I am new to the site and starting my research for buying the first investment property. I am looking for hands-off approach to buying a rental property. I looked at RoofStock and mynd. I found that some markets are not cash flow positive e.g. Austin Texas. While other e.g. Georgia is cash flow positive.

This brought me to the question: what are the pros and cons of buying a property that is not cash flow positive? I hope that experts here will be able to share their wisdom  and unique perspectives.

@Ashish Gupta

There is essentially nothing positive about buying something that is not cash flow positive.  That is not to say someone can’t justify it by saying they can make it cash flow positive later through rent appreciation  (ie.
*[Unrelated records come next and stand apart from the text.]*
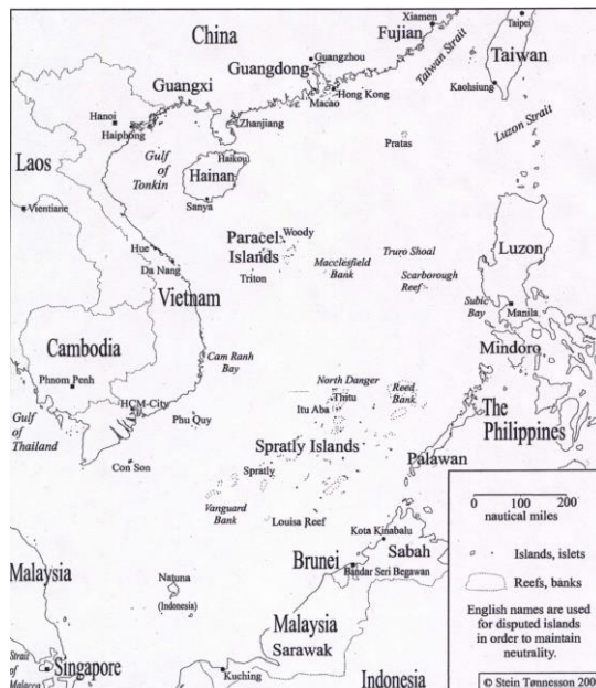
Figure 1 – The South China Sea 2

The SCS is a semi-open sea and surrounded by China, Vietnam, Malaysia, Singapore, Indonesia, Brunei, Thailand, Philippines and Taiwan. The SCS has a total dimension of approximately 3.600 square kilometers and it connects to other seas through the Taiwan Strait, the Lombok Strait and the Malacca Strait, making a strategic connection between the Indian and Pacific Oceans. Between the main groups of islands, stands out the Paracel, in its Northwest portion, and Spratly, in the centre of the Sea, both being the focus of the most part of the territorial disputes (Beckman 2012, 3). Figure 1 below brings the representation of the Sea in question, identifying its main elements.
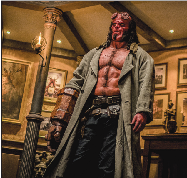
David Harbour stars in "Hellboy"

After defeating the enormous beasts, Hellboy learns that he is the descendant of King Arthur and that it's up to him to use the sword Excalibur to save London
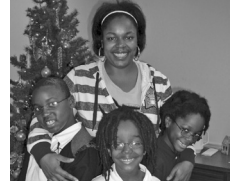
The Ashford Family
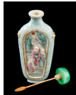
Title: Snuff Bottle Medium: porcelain
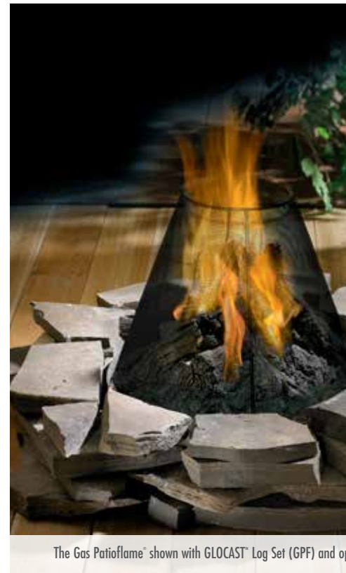
The Gas Patioflame® shown with GLOCAST® Log Set (GPF) and op

Patioflame® Glass - GPFG 60,000 BTU's 4 ¾"h x 20" diameter Natural gas or propane
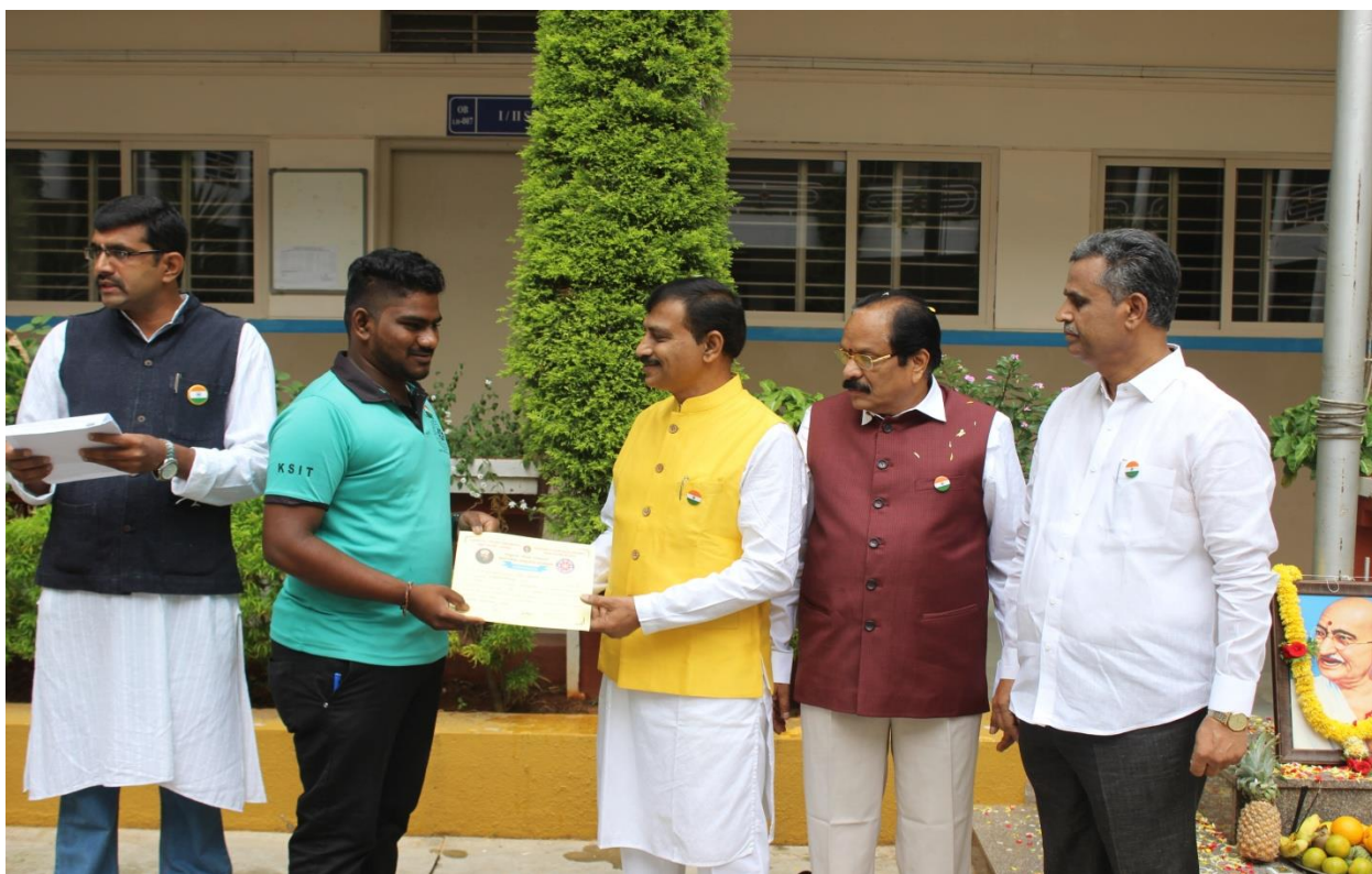
Certificate distribution to NSS volunteers
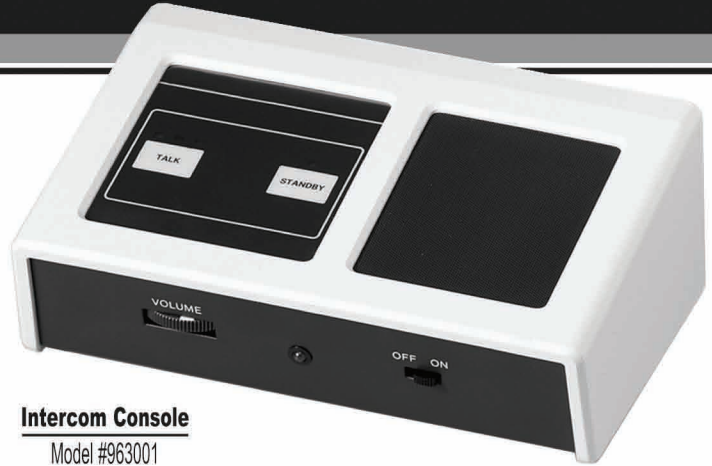
Intercom Console Model #963001
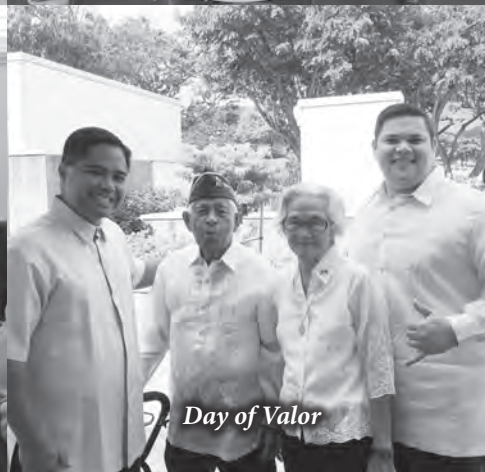
Day of Valor
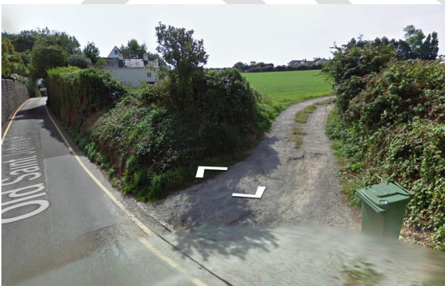
Photo on Old St John's Road
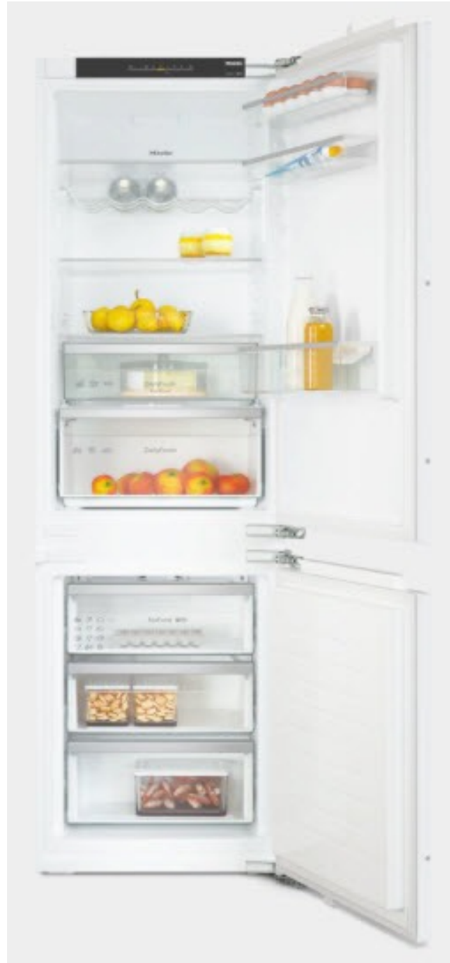
INTEGRATED FRIDGE FREEZER MIELE KDN 7724 E
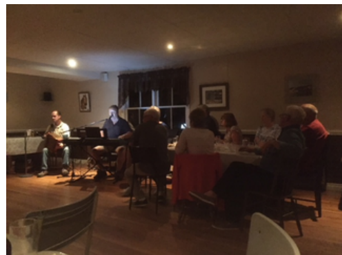
The Music Plays On!
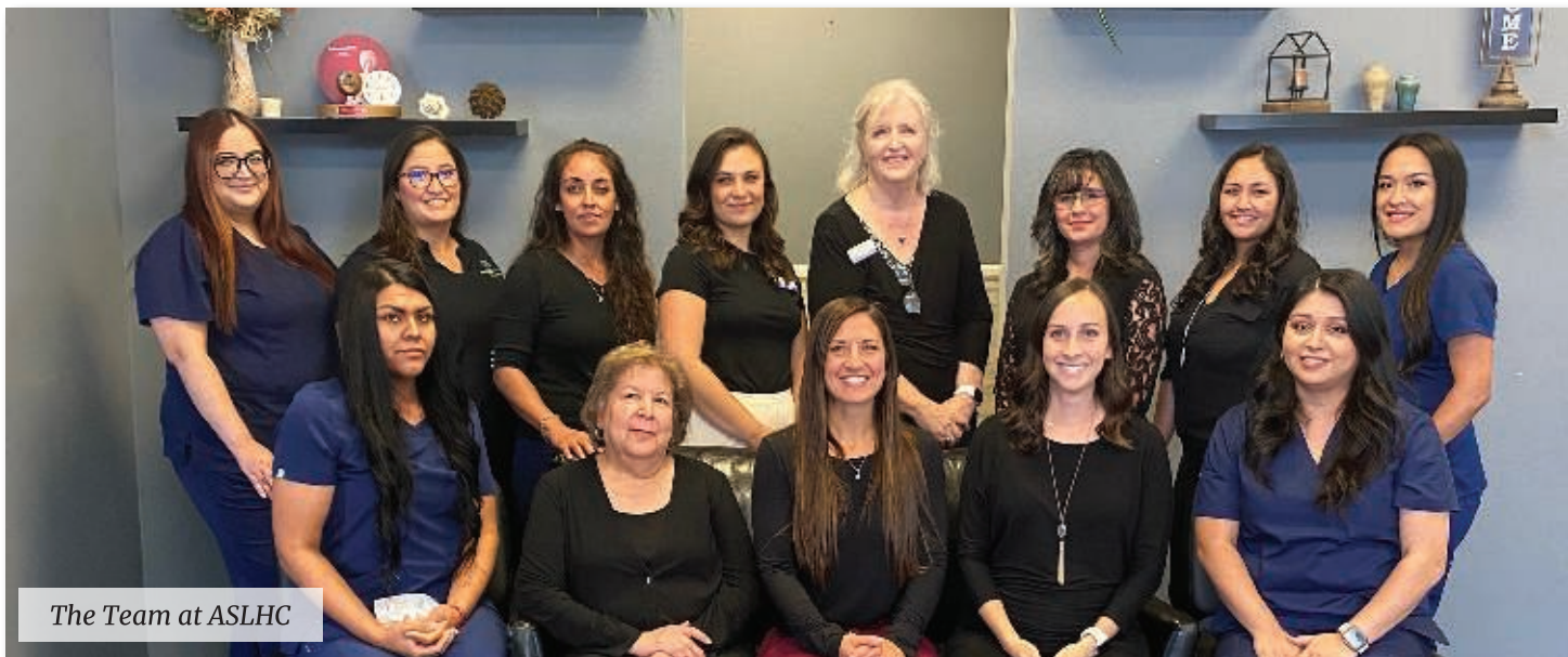
The Team at ASLHC
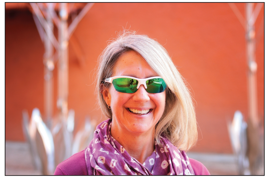
"Growing my own food. Eating good healthy food that I know where it comes from. Being 58 and fit and trim and healthy. How you take care of your body, it shows up."
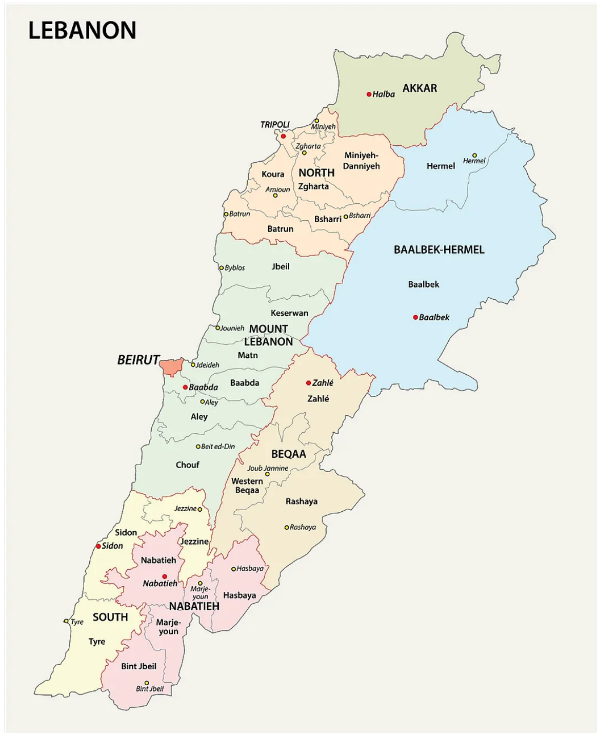
Fig 2. Map illustrating Governorates of Lebanon

Mediterranean Sea. It is the nation's largest city and most important commercial hub. 2
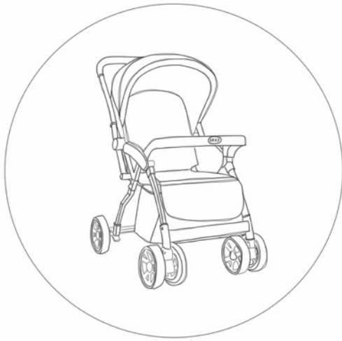
Icon: Places that have available space for families to park their strollers

As the zine is a families guide to the island, I included other icons such as:
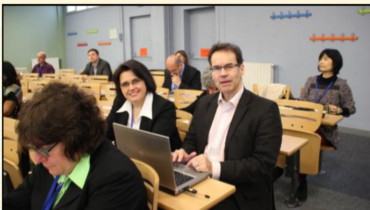
Conference participants during the plenary session

Raising rents), or forced appreciation where maybe they convert it to have more bedrooms, or make other improvements, or hold out for future market appreciation, etc).  
But at the end of the day you have to own the property and pay its bills… the mortgage, the insurance, the taxes, the repairs, the capital improvements, etc.  and unless you are a well to do person who doesn’t mind bleeding cash every month in the short term for the later pay-off… don’t buy something that doesn’t make money.

It’s somewhat like a house buyer buying a property they can’t afford… you are short every month.  It’s just not the smartest move in my opinion.  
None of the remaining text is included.